ATC: Because we all exist with the sword of Damocles over our heads. In my own life, I could have died a few times, and these are all true stories: the time the amusement park ride’s gears jammed and stopped the mechanism in motion, almost sending me and the other passengers flying into space; the time a load of bricks fell from three stories up and shattered at my feet, while I was passing by; the time the other car T-boned mine but struck my back half instead of the front where I was sitting; the times – multiple – where some car driven by an idiot blindly tried to occupy the space where I was riding my scooter; the time just last year when the rip current caught me and pulled me away from the beach, and I had to fight my way to gasping exhaustion just to feel the soft ooze of a sand bar beneath my feet again. Any one of these incidents, playing out with only slight differences, would have meant the death of me, without warning, and these days that is multiplied by how often I’m in public and walk through one person’s hanging cloud of water droplets, instead of another’s. And there must be others that I don’t even know about, the days I must have stood at a subway platform in view of a guy who was fighting the temptation to give some random stranger a shove, the times when some woolgathering driver woke up just before his vehicle drifted into my lane.  Think for thirty seconds and you can think of any number of similar incidents from your own life. Everyone lives on borrowed time, the beneficiary of providential chance that has spared them again and again and again. The difference is that we can see some of these threats looming at length, and ultimately you have to devote part of your energy to just…living.
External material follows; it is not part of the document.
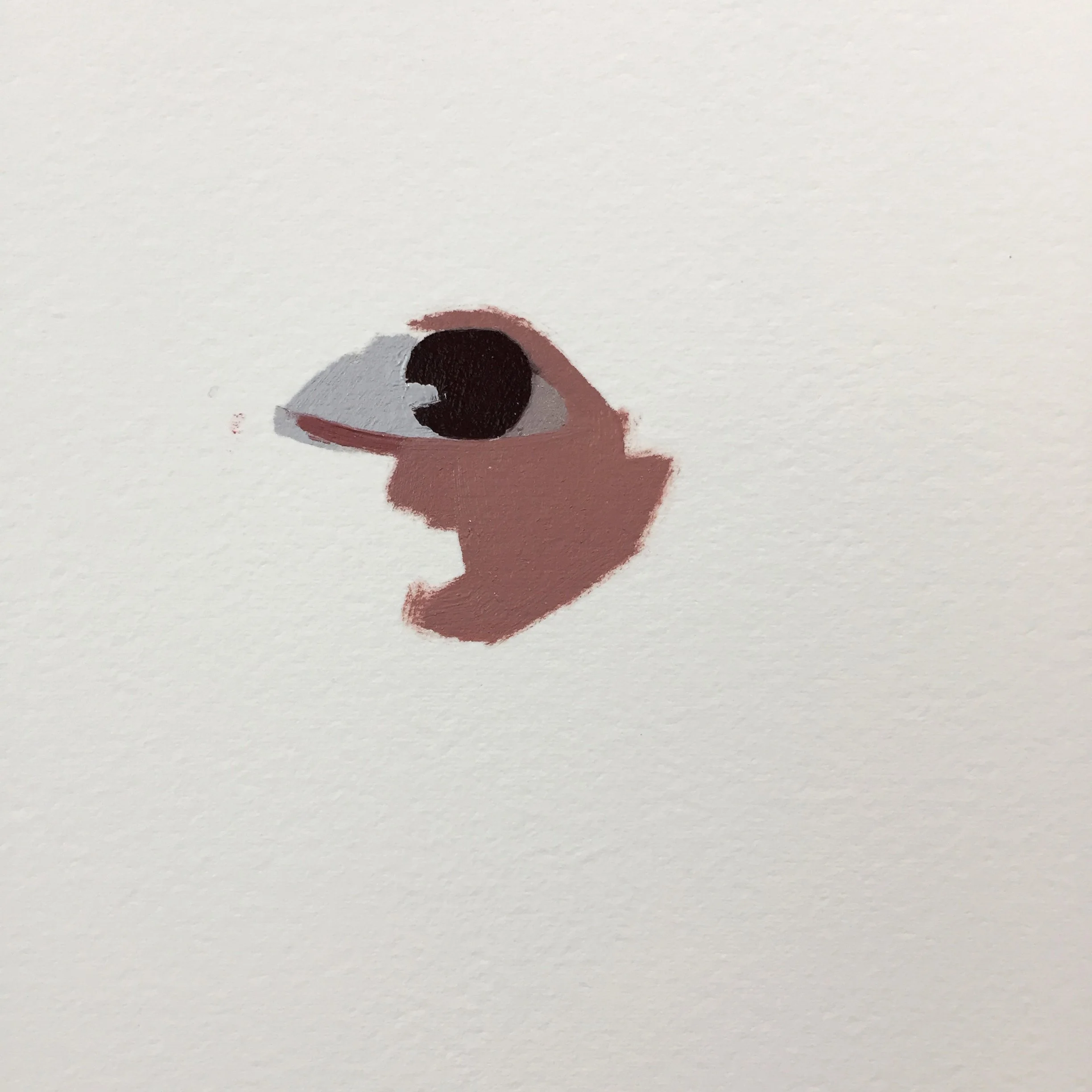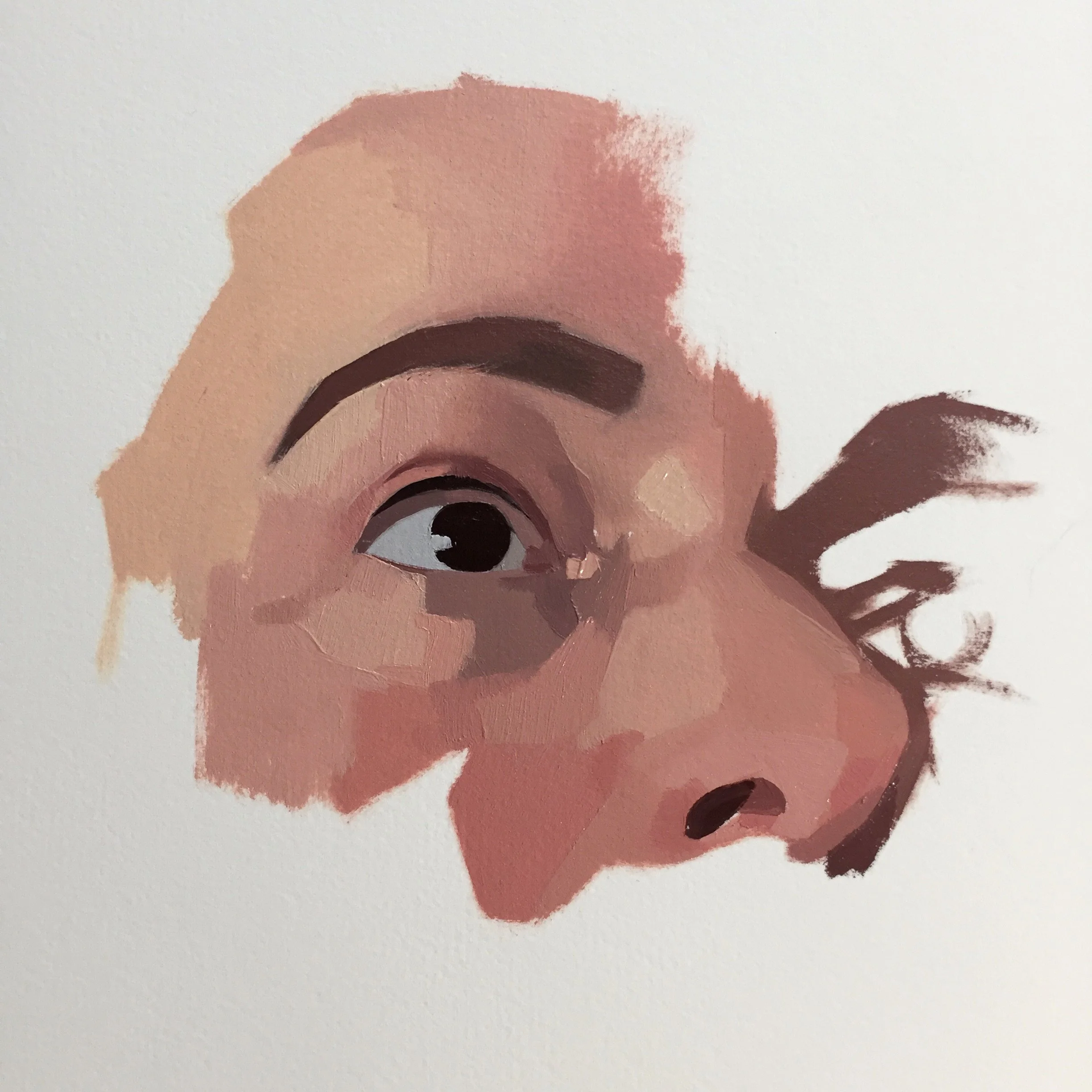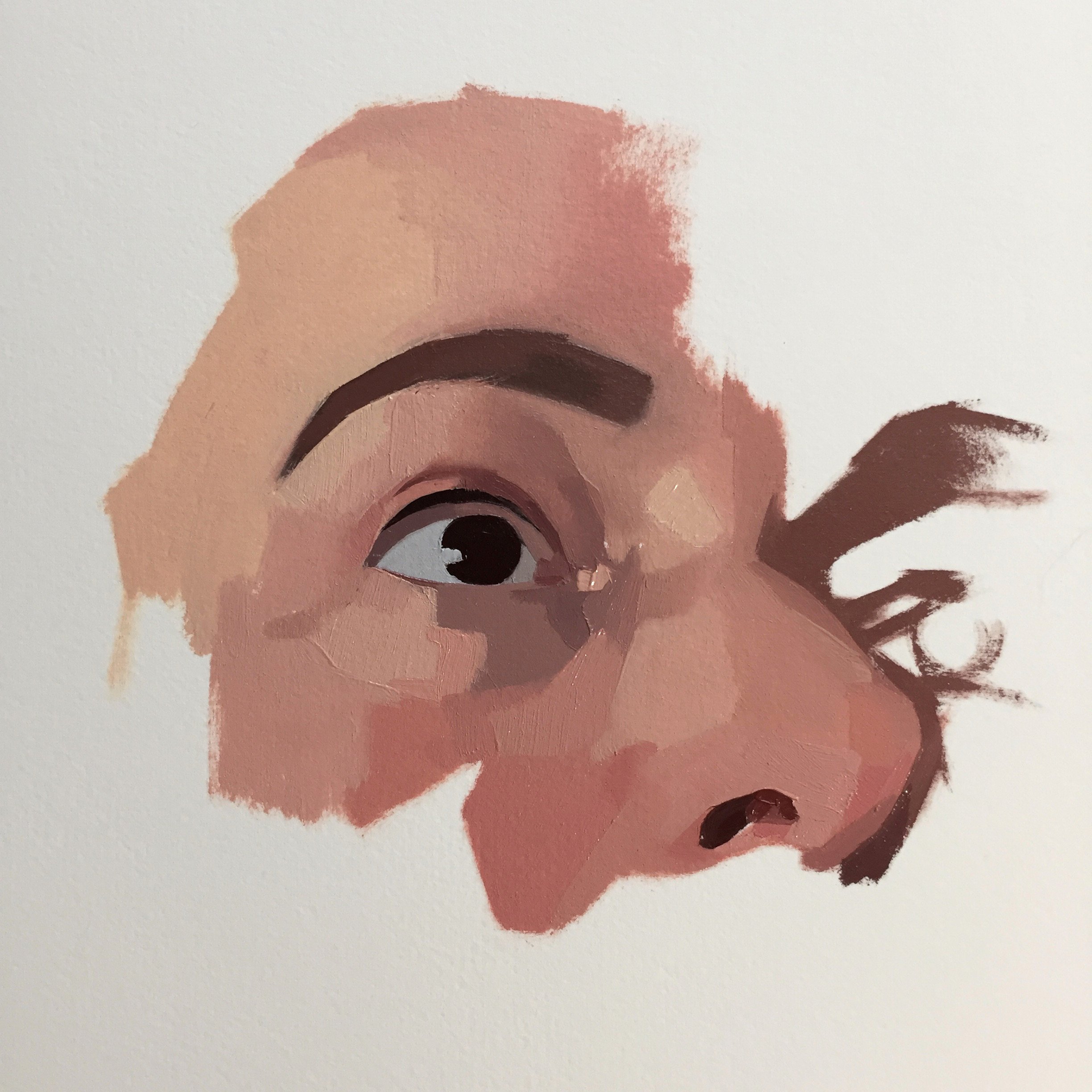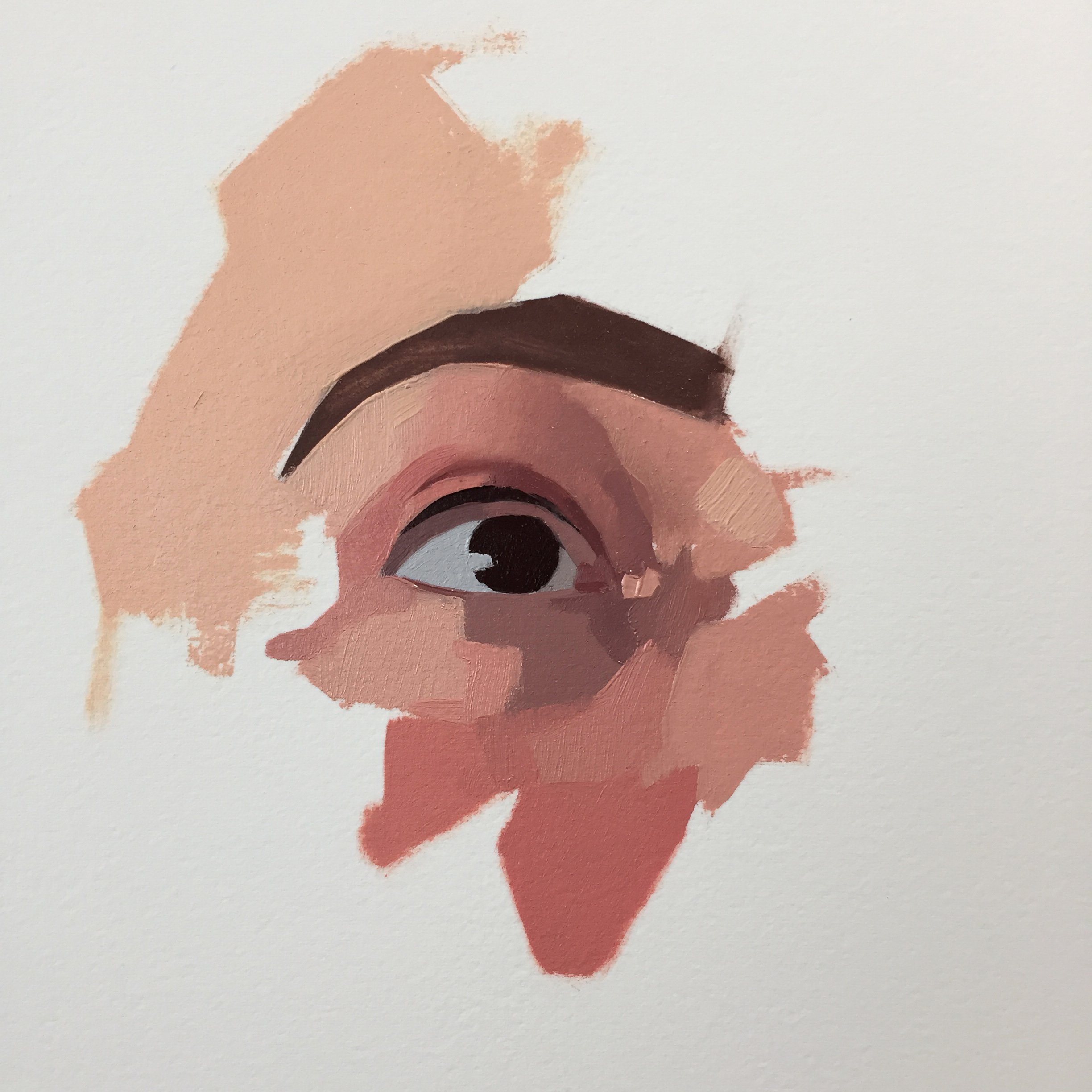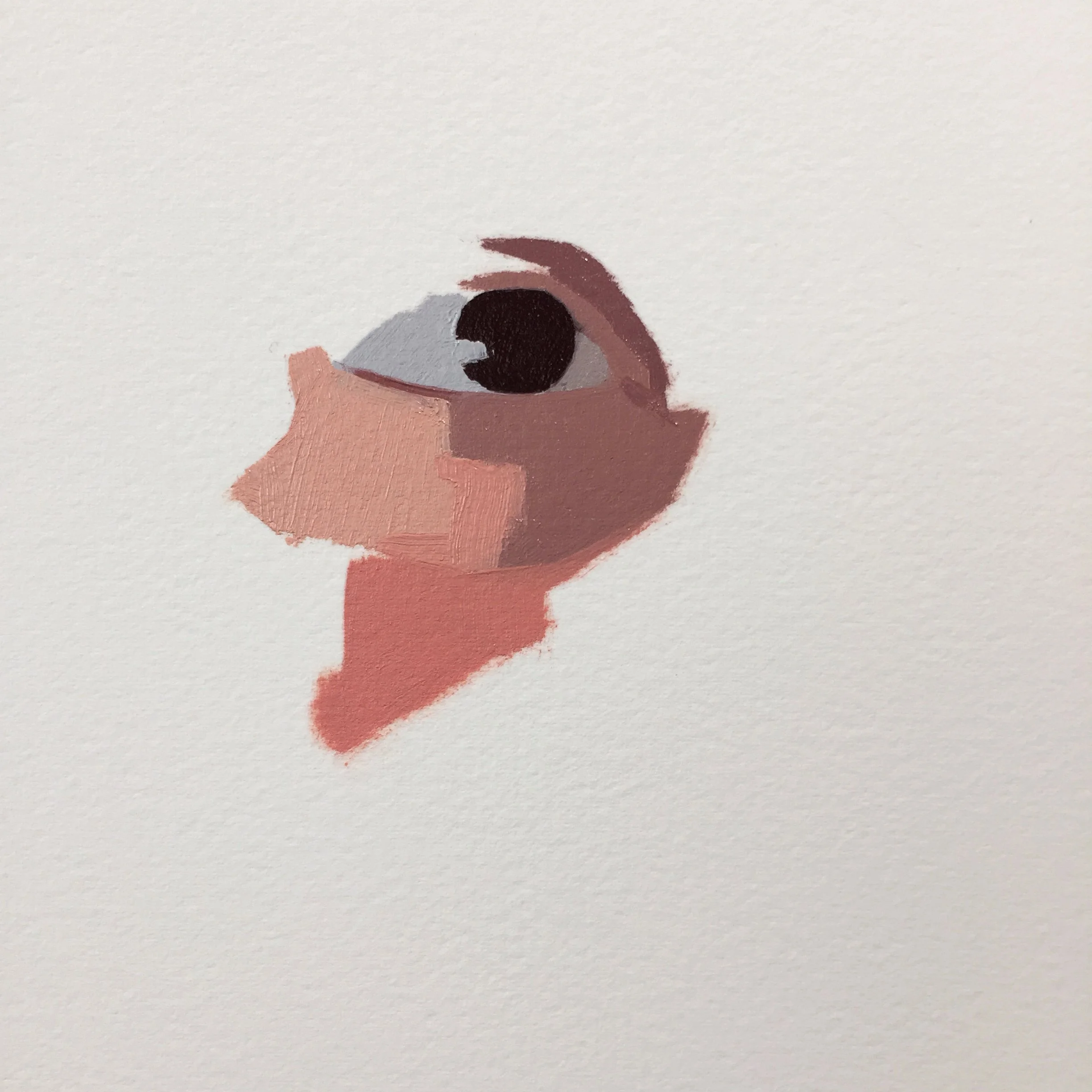 Choose the very next shape that is touching the first shape you made (eyelid or white of the eye… for example) and try to mix the right color and value for that second shape - then place that paint in the correct spot on the canvas in the correct shape for what you intended, and right next to your first shape. It will be easier if you place one shape next to the last rather than jump all around the canvas (that would be an extreme level of difficulty!).

JS: Many thanks. Yes, we need to devote our energy to just…living.


Adam-Troy Castro made his first non-fiction sale to Spy magazine in 1987. His twenty-six books to date include four Spider-Man novels, three novels about his profoundly damaged far-future murder investigator Andrea Cort, and six middle-grade novels about the dimension-spanning adventures of young Gustav Gloom. Adam’s works have won the Philip K. Dick Award and the Seiun (Japan), and have been nominated for eight Nebulas, three Stokers, two Hugos, one World Fantasy Award, and, internationally, the Ignotus (Spain), the Grand Prix de l’Imaginaire (France), and the Kurd-Laßwitz Preis (Germany). His latest release was the audio collection My Wife Hates Time Travel And Other Stories (Skyboat Media), which features thirteen hours of his fiction, including the new stories “The Hour In Between” and “Big Stupe and the Buried Big Glowing Booger.” Adam lives in Florida with his wife Judi and a trio of chaotic paladin cats.